Taking the brain as a test case the metabotropic effects of several neurotransmitters have been most extensively studied in cells of the cerebral cortex and thalamus. These structures are densely innervated by projection fibres that originate in various brainstem nuclei and project diffusely across different areas of the brain. The addition of acetylcholine to many neocortical pyramidal cells causes a considerable reduction in spike-frequency adaptation, the gradual decrease in firing rate that normally follows a train of action potentials (Madison etal. 1987; McCormick and Williamson 1989). This effect is due in part to the inhibition of a Ca2+-activated potassium current (Iahp) which activates in response to calcium influx and prevents these cells from reaching their firing thresholds (Andrade and Nicoll 1987). The reduction in Iahp thus enhances the effects of subsequent excitatory inputs and causes these cells to become more active. Acetylcholine also inhibits at least two other types of potassium currents in a variety of neuronal cells including the voltage-activated M-current (Im) as well as a resting (leak) potassium conductance (Halliwell 1986; McCormick 1992). In all cases, decreases in these potassium currents gradually shift the transmembrane potential towards more positive, depolarized values and thereby facilitate the activation of voltage-sensitive channels that are open in this range.

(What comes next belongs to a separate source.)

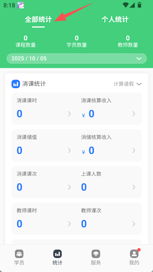 2、进入统计板块,可查看全部统计,了解课程、学员、教师数量等信息。
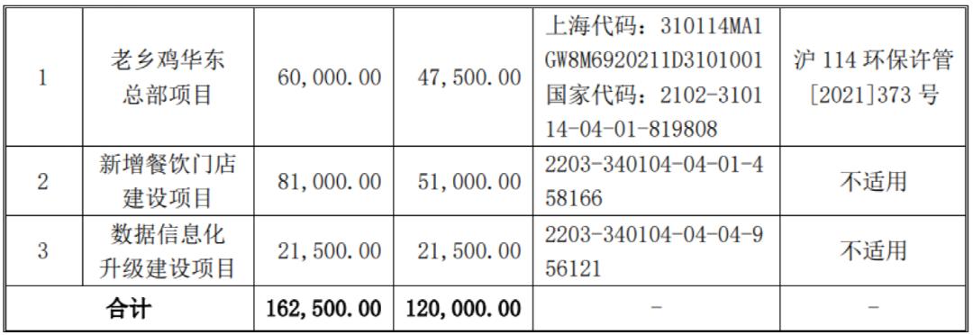 老乡鸡原计划募集资金12亿元,其中4.75亿元用于老乡鸡华东总部建设,5.1亿元用于扩增餐饮门店,2.15亿元用于数据信息化升级建设项目。

Many thalamic neurons receive similar modulatory inputs from cells that originate in the brainstem. Projection fibres that emanate from cell bodies in the locus coeruleus provide noradrenergic innervation to various thalamic nuclei where they increase the excitability of cells in areas such as the lateral geniculate nucleus (LGN) and the nucleus reticularis (Rogawski and Aghajanian 1980; McCormick and Prince 1988). In thalamocortical relay cells, such changes in electrical responsiveness are correlated with different states of wakefulness and attention, and they also influence many aspects of sensory processing in the cortex (McCormick 1989; Swadlow and Gusev 2001). The modulation of membrane excitability in the brain is particularly important at excitatory synapses, where changes in the patterns of synaptic activity combine with changes in synaptic strength to affect the storage of new information during learning, or the reinforcement of synaptic connections during development (Bear and Malenka 1994). Future research should seek to find out more about how individual components of GPCR cascades such as those illustrated above collectively interact to modify membrane excitability and physiological/pathophysiological processes.